Washington's Immigration Policy: The Rules That Matter

By CityRuleLookup Editorial Team

Washington maintains 196 local ordinances across all categories, and 2 of those deal specifically with immigration policy. Here is a breakdown of what the city actually requires, what is prohibited, and where Washington falls on the strict-to-permissive spectrum compared to other cities.

Sanctuary Policy Preemption

The District restricts Metropolitan Police Department cooperation with federal immigration enforcement, prohibits honoring civil ICE detainers, and bars use of DC resources to investigate residents' immigration status.

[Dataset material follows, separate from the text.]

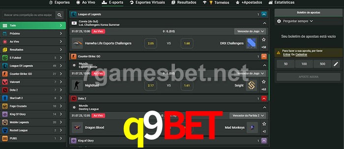 O q9bet oferece uma grande seleção de opções de apostas em e-sports com probabilidades competitivas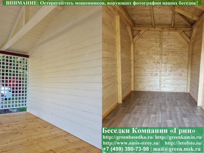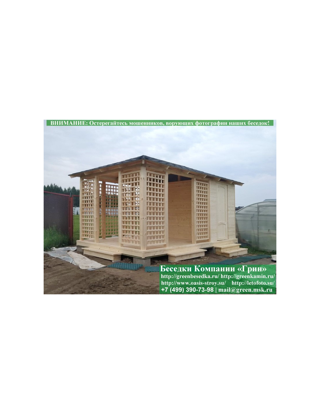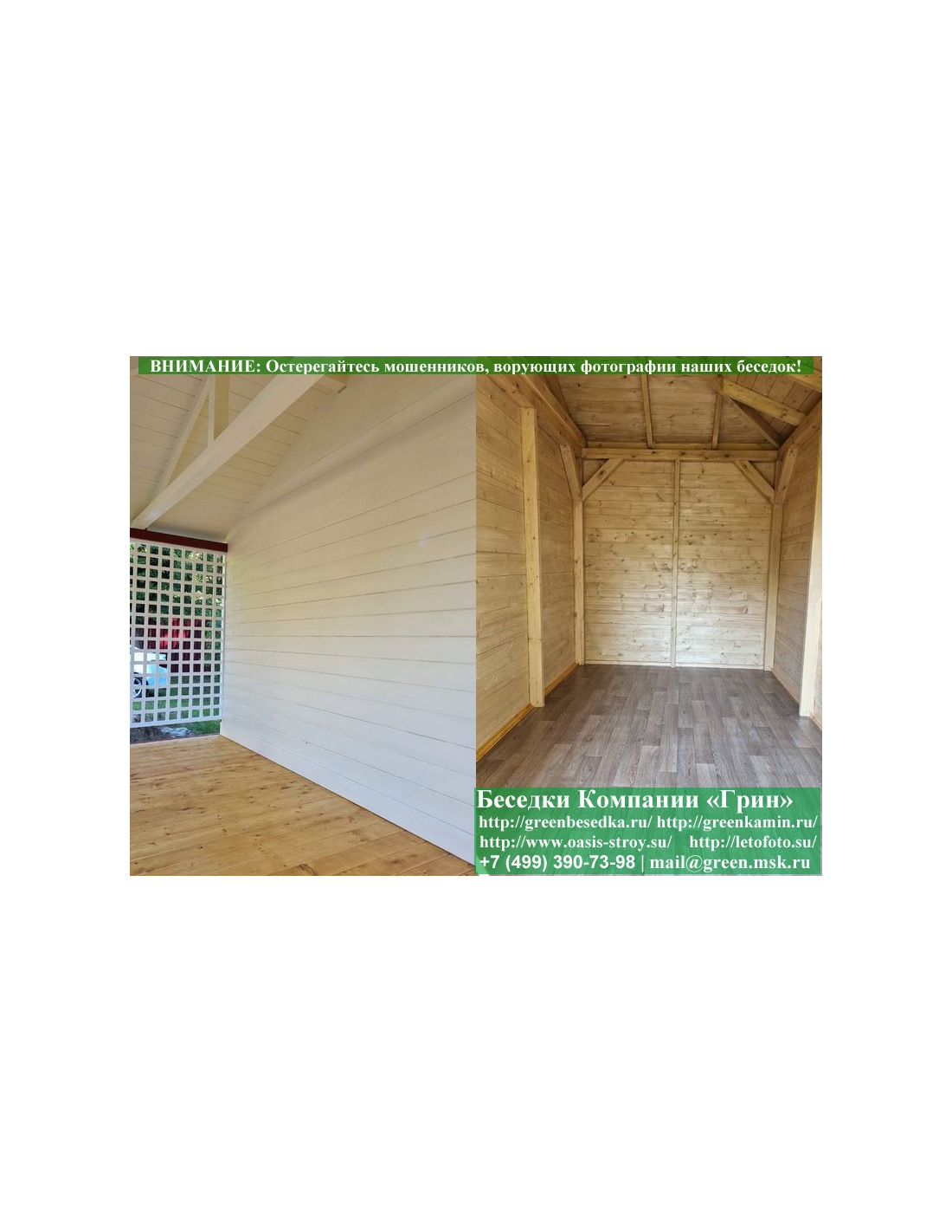 В стандартной поставке беседка с хозблоком идет с проемами под крышей, между беседкой и хозблоком и хозблоком и улицей. Стоимость работ зависит от размеров беседки. Данная цена указана за работу беседки размерами 3х5 метров.

Key details: Authority: DC Code 24-211.07. Civil detainers: Not honored without warrant. Status questioning: Prohibited by MPD officers. Service access: Independent of immigration status.

MPD or DOC violating sanctuary rules face internal discipline and civil suits; private residents are not subject to penalties under this statute.

The rules around sanctuary policy preemption in Washington lean permissive, but that does not mean anything goes.

E-Verify Mandates

DC does not require private employers to use the federal E-Verify system, though federal contractors performing work in the District remain subject to FAR Subpart 22.18 E-Verify obligations under federal law.

Key details: DC mandate: None for private employers. Federal contractors: Required by FAR 22.18. Anti-discrimination: DC Human Rights Act applies. Ban-the-box authority: DC Code 32-1342.

Misusing E-Verify or Form I-9 in a discriminatory way exposes employers to DC Office of Human Rights complaints and federal IER investigations under the Immigration and Nationality Act.

Washington is more permissive than most cities when it comes to e-verify mandates. That said, there are still limits.

The Bottom Line

Compared to many U.S. cities, Washington gives residents more room on immigration policy. 2 of the 2 rules here are rated permissive. But permissive does not mean unregulated. There are still requirements, and the city does enforce them when violations are reported.

Keep in mind that Washington can amend these rules at any council meeting. For the most current version of any rule mentioned here, check the specific ordinance page, where we track updates as they happen.